▶ _TASK REQUIREMENTS_:
The required output is the exact run of lines in the listing below from the line holding "Denim tote customizable with" through the line holding "Day 8 and we’ve", with no pictures.

▶ _DATA TO USE_:
#####

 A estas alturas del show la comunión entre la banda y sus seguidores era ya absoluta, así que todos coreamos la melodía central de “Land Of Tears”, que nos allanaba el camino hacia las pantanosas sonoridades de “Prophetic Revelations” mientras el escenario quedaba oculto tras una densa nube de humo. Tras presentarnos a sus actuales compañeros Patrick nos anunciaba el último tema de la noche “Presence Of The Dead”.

#####

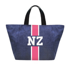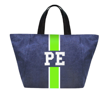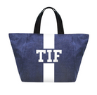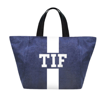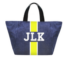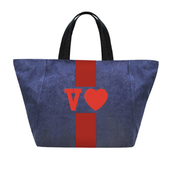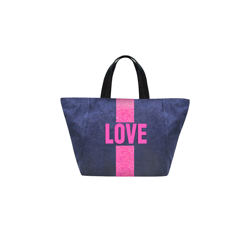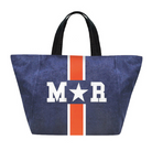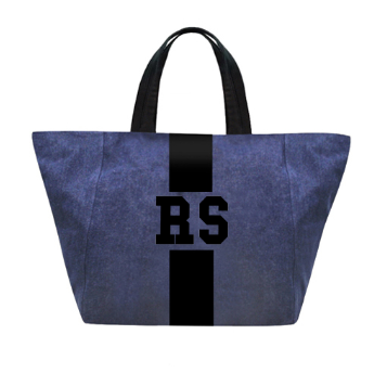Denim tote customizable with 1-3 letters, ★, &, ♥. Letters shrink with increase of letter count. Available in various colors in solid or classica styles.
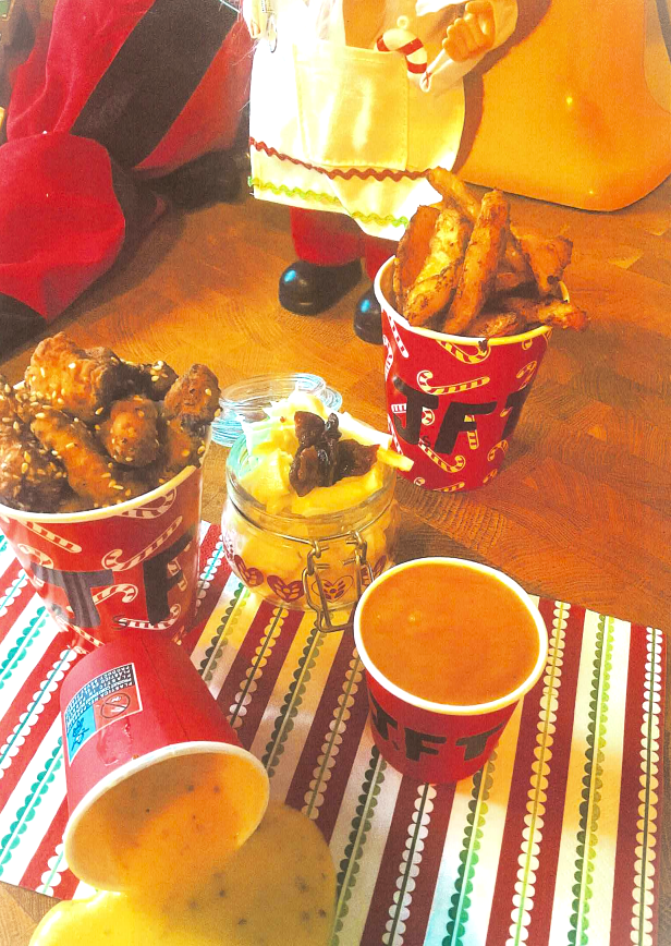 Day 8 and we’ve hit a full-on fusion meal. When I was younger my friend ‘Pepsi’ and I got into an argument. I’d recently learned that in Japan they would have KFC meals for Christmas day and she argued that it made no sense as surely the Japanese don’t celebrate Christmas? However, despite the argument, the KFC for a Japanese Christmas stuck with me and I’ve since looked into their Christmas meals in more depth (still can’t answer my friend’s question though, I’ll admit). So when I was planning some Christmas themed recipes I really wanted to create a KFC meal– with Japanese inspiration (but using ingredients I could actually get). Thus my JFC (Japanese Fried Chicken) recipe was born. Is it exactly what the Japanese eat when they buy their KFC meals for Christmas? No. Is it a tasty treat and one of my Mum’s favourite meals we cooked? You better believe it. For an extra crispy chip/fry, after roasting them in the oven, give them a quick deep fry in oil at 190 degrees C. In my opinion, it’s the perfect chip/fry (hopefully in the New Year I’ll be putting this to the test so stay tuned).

#####

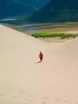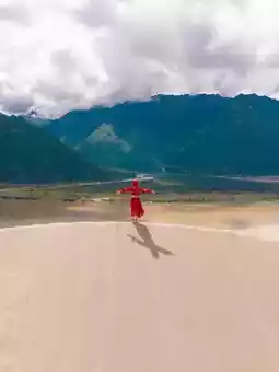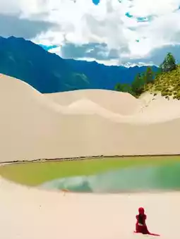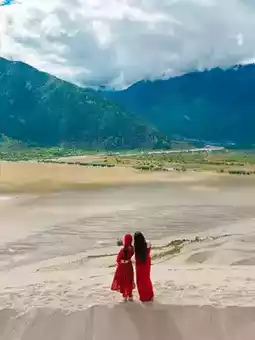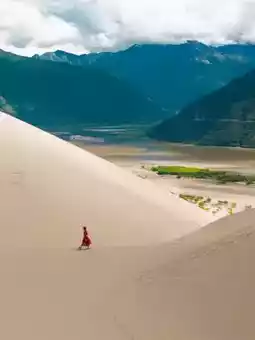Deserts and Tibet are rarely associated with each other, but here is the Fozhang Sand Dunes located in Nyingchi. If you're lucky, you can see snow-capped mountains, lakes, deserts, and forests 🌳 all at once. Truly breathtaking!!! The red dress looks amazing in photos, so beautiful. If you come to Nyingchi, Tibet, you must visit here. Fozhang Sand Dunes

#####

▶ _TASK RESULT_:
Denim tote customizable with 1-3 letters, ★, &, ♥. Letters shrink with increase of letter count. Available in various colors in solid or classica styles.
 Day 8 and we’ve hit a full-on fusion meal. When I was younger my friend ‘Pepsi’ and I got into an argument. I’d recently learned that in Japan they would have KFC meals for Christmas day and she argued that it made no sense as surely the Japanese don’t celebrate Christmas? However, despite the argument, the KFC for a Japanese Christmas stuck with me and I’ve since looked into their Christmas meals in more depth (still can’t answer my friend’s question though, I’ll admit). So when I was planning some Christmas themed recipes I really wanted to create a KFC meal– with Japanese inspiration (but using ingredients I could actually get). Thus my JFC (Japanese Fried Chicken) recipe was born. Is it exactly what the Japanese eat when they buy their KFC meals for Christmas? No. Is it a tasty treat and one of my Mum’s favourite meals we cooked? You better believe it. For an extra crispy chip/fry, after roasting them in the oven, give them a quick deep fry in oil at 190 degrees C. In my opinion, it’s the perfect chip/fry (hopefully in the New Year I’ll be putting this to the test so stay tuned).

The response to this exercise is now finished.